Браунинг сделал ошибку, сняв в фильме настоящих уродов. В обществе ужаса мы чувствуем себя относительно спокойно, лишь пока видим молнию на спине чудовища и понимаем, что все это понарошку. Кульминационный момент «Уродцев» – когда Живой Торс, Безрукое Чудо и сестры Хилтон (сиамские близнецы) вместе с прочими скользят и хлюпают по грязи вслед за кричащей Клеопатрой – это для зрителя уже чересчур. Даже безропотные кинотеатры «Эм-Джи-Эм», получившие право проката этого фильма, отказывались его демонстрировать, и Карлос Кларенс в «Иллюстрированной истории фильмов ужасов» [Illustrated History of the Horror Film] («Кэприкорн букс», 1968) говорит, что во время единственного сеанса в Сан-Диего «женщина с криком побежала по проходу». Фильм настолько урезали, что один критик даже пожаловался: он не понимает, что смотрит. Далее Кларенс сообщает, что в течение тридцати лет фильм был запрещен в Соединенном Королевстве, стране, которая, наряду с прочим, дала миру Джонни Роттена[26], Сида Вишеса[27], «Хнычущее дерьмо»[28] и замечательный обычай «паки-бэшинг»[29].

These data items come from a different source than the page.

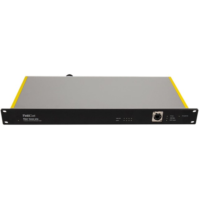 FieldCastov sistem Fiber Base One omogoča preklapljanje, spremljanje in nadzor do štirih kamer PTZ z uporabo optičnih kablov. Ta naprava 1 RU služi kot osrednje vozlišče za upravljanje kamer PTZ in priključenih enot Fiber Node One.
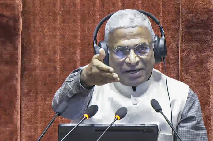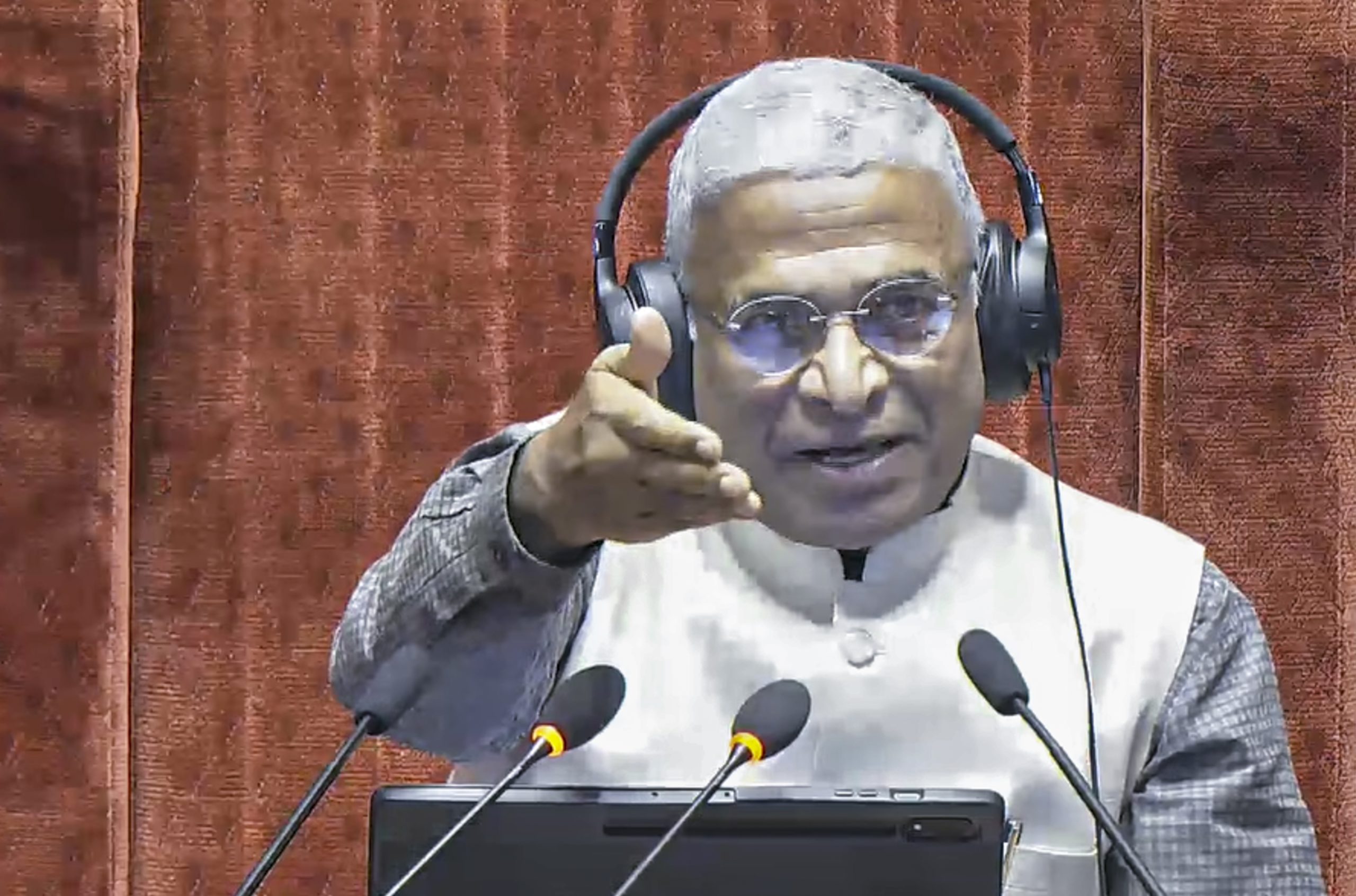 **EDS: THIRD PARTY IMAGE; SCREENGRAB VIA SANSAD TV** New Delhi: Rajya Sabha Deputy Chairman Harivansh Narayan Singh presides over the proceedings during the second part of the Budget session of Parliament, in New Delhi, Monday, March 30, 2026. (Sansad TV via PTI Photo)(PTI03_30_2026_000169B)
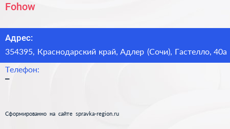 Fohow по адресу 354395, Краснодарский край, Адлер (Сочи), Гастелло, 40а в дальнейшем Организация, размещена в следующих категориях:
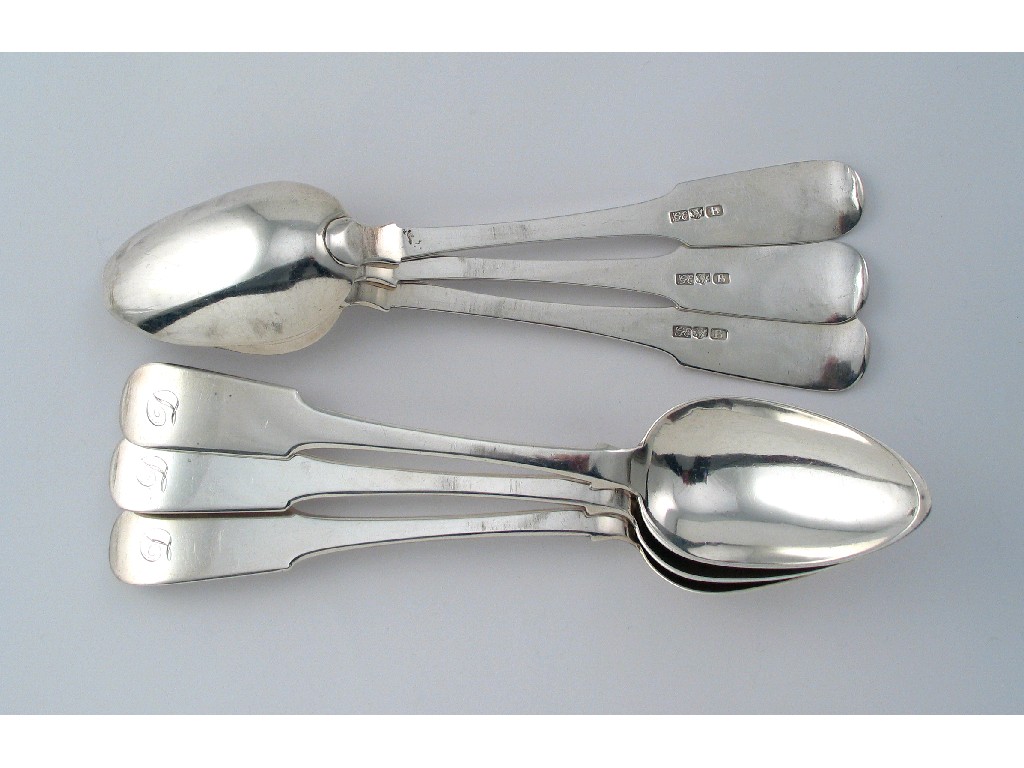 A set of six George IV Scottish fiddle pattern tablespoons

Сейчас «Уродцев» иногда показывают по кабельному телевидению, и, возможно, после выхода этой книги они появятся на видеокассетах. Но вплоть до настоящего времени фильм вызывает жаркие споры среди любителей жанра ужасов – и хотя многие о нем слышали, своими глазами его мало кто видел.

4

Оставив на время уродцев, подумаем, что еще мы считаем настолько ужасным, чтобы обозвать древнейшим на земле бранным словом? Причудливые злодеи Дика Трейси[30], из которых самым ярким примером может послужить Флайфейс, и главный враг Дона Уинслоу Скорпион, у которого настолько жуткое лицо, что он прячет его под маской (хотя иногда снимает ее, чтобы поразить разочаровавших его служителей зла; говорят, они тут же падают замертво от сердечного приступа, испуганные буквально до смерти). Насколько мне известно, ужасная тайна закрытого лица Скорпиона так и не была раскрыта (прошу прощения за каламбур, хе-хе), но неустрашимому капитану Уинслоу однажды удалось открыть лицо дочери Скорпиона – у нее оказалось застывшее, мертвое лицо трупа. Эта информация доводится до затаивших дыхание читателей курсивом – застывшее, мертвое лицо трупа! – чтобы усилить впечатление.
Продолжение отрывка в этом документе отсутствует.